In the United States, infrastructure has been a cornerstone of the Biden administration’s domestic agenda. The administration expanded the definition of infrastructure to include children and caregiving, climate change, healthcare, and economic aid, ultimately leading to two separate bills — a traditional infrastructure bill able to garner bipartisan support, and a companion social safety net and climate bill, known as Build Back Better. The Infrastructure Investment and Jobs act includes more spending for public transit alone than AMLO’s three infrastructure projects combined are projected to cost by the end of his term. The difference in the scale of spending is almost incomprehensible.
The separation of the two bills allowed the passage of the $1.2 trillion bipartisan Infrastructure Investment and Jobs Act, but the components of the bill that constitute the Biden administration’s new and expanded definition of infrastructure are not likely to pass the Senate due to opposition from Republicans and moderate Democrats, including U.S. Senator Joe Manchin (D-WV). The Build Back Better Act will likely die in the Senate after Senator Machin’s resolute opposition, declaring the bill “dead.” Now, in March 2022, negotiations have not reached any concrete agreements and the bill remains stalled.
This legislative resistance and power over the future of spending and infrastructure is in marked contrast to the Mexican government’s method of implementation of AMLO’s infrastructure projects: by decree. AMLO has declared the administration’s public works projects as matters of public interest and national security, issuing a decree that enables administrators to largely disregard regulators and bypass traditional approval processes. The decree shields the administration from legal hurdles, allowing for expedited temporary approval for many projects. Critics expressed concerns that this was a troubling retrogression of governmental transparency in Mexico.

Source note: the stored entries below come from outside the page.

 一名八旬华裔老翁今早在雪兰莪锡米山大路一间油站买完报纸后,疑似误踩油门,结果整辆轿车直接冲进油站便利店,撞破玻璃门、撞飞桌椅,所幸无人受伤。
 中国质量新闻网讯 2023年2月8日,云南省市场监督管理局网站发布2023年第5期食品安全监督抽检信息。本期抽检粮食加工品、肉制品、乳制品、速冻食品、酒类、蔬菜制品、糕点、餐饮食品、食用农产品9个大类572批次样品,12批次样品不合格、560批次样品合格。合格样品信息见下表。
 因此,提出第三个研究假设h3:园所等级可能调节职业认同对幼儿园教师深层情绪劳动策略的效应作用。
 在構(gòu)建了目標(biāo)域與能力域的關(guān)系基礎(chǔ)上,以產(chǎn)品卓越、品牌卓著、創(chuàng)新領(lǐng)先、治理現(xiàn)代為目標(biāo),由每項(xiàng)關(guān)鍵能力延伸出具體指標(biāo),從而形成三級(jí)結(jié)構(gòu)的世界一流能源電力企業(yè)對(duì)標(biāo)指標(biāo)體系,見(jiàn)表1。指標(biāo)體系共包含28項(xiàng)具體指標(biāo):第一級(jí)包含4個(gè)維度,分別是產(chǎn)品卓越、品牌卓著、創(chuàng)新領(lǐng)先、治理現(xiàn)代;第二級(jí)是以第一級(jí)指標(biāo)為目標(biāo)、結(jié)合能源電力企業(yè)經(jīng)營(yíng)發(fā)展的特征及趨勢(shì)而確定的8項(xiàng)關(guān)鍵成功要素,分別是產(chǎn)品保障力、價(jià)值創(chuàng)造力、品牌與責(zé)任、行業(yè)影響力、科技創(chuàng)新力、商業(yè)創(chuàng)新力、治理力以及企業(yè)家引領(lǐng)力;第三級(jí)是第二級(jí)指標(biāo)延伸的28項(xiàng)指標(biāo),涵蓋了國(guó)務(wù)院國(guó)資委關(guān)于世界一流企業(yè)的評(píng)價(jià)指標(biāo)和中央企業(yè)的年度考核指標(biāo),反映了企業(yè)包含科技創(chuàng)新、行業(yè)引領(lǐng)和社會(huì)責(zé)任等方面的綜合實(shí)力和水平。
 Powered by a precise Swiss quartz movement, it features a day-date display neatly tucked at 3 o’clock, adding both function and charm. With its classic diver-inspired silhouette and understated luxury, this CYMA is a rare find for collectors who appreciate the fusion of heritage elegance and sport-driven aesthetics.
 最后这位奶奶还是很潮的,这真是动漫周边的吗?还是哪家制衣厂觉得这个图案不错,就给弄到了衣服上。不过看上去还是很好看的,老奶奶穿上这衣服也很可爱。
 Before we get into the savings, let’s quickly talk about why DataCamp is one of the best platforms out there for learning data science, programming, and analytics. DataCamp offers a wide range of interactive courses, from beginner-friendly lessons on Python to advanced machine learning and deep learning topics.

While AMLO’s administration has bypassed legislative resistance, the legislative process in the U.S. has effectively blocked the Biden administration’s expansion of what constitutes “infrastructure,” and has left them with no concrete legislative wins in this effort beyond what is now considered “traditional” infrastructure. In Mexico, as of mid-January 2022 work had not begun on over half of the projects in the first two packages despite the controversial decrees that expedite projects and circumvent regulatory hurdles for AMLO’s infrastructure initiatives.

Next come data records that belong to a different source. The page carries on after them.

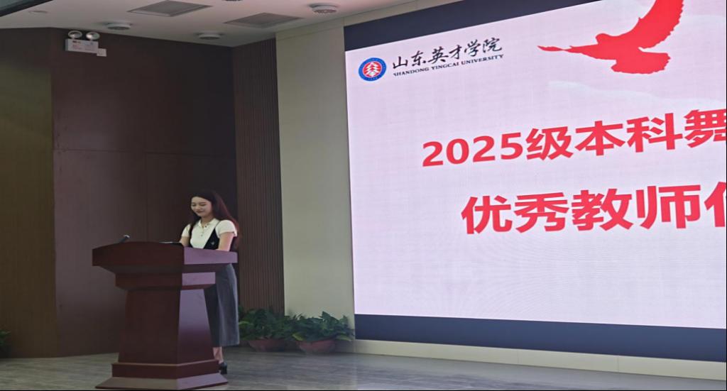 优秀教师代表王敬妍老师以“以舞为媒,不负热爱”为题分享育人感悟。她结合自身讲述了舞蹈艺术背后“日复一日的坚持”与“突破自我的勇气”,鼓励新生既要打磨扎实的专业技能,也要培养对舞蹈艺术的深度思考,“真正的舞者,不仅能在舞台上绽放光芒,更能通过作品传递情感与力量”。王老师的分享既有专业视角,又饱含人文关怀,赢得现场阵阵掌声。
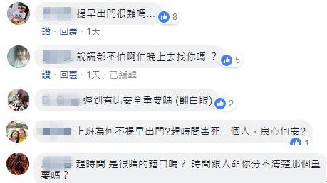 對(duì)此,網(wǎng)友紛紛指責(zé)該男子:“上班為何不提早出門?趕時(shí)間害死一個(gè)人,良心何安?”“說(shuō)謊不怕阿伯晚上去找你嗎?”“時(shí)間跟人命你分不清楚哪個(gè)重要嗎?”。
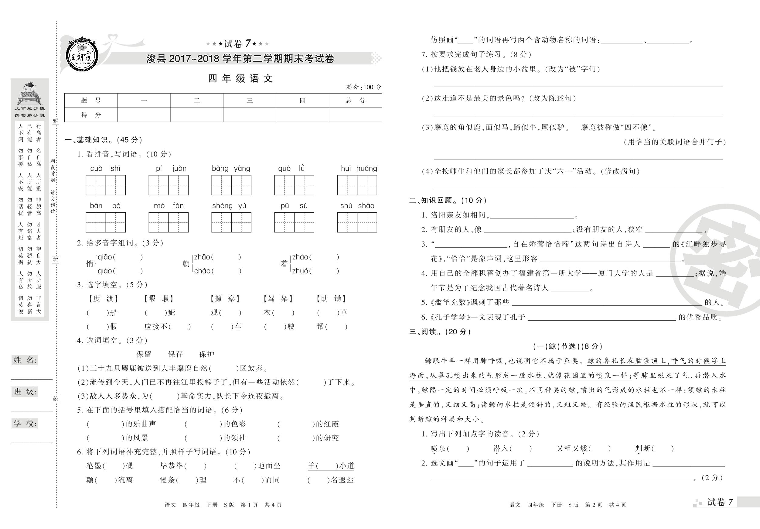 2017-2018学年第二学期鹤壁市浚县四年级语文试卷(S版)【7】
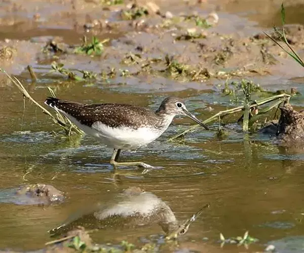 雌鸟和雄鸟相似,但背部不呈暗栗红色而为暗橄榄绿色,下体羽色略较雄鸟为浅,尾下的覆羽为暗绿色,并杂以白色的斑块。

The completion of infrastructure projects in Mexico is constantly in question, while presidential administrations in the U.S. can consider $1.2 trillion dollar packages a legislative compromise and, in some cases, a political loss. The relationship between the Mexican government and the private sector cannot improve without trust and transparency, and yet it is nearly impossible to build trust without the legitimate means to follow through on the promises of an administration.

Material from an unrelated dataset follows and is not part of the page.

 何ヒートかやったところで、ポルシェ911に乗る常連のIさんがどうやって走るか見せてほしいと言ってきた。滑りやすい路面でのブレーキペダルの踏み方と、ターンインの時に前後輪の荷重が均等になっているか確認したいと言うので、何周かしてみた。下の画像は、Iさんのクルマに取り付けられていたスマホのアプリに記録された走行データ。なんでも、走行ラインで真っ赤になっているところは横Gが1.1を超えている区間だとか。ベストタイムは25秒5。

The United States and Mexico, at this moment in history, are faced with a demand to imagine and legislate a new reality in a world unrecognizable to its former self. Infrastructure is the foundation of this new reality, the foundation of the livelihood of hundreds of millions of citizens. In two countries so economically intertwined — with the U.S. absorbing three quarters of Mexican exports — the fate of infrastructure and trade is inextricably linked for both governments. If the U.S. government cannot pass its ambitious legislation, and the Mexican government cannot complete the projects it pursues, then what is the future of infrastructure? What will this future look like if we cannot meet the demand to create? Creation must be more than a political culture, it must be an actionable avenue. Perhaps, to build in the Americas, the U.S. and Mexico must build together toward a reality in which reliable and robust infrastructure is a material reality for everybody, not a legislative pipe dream or an empty promise.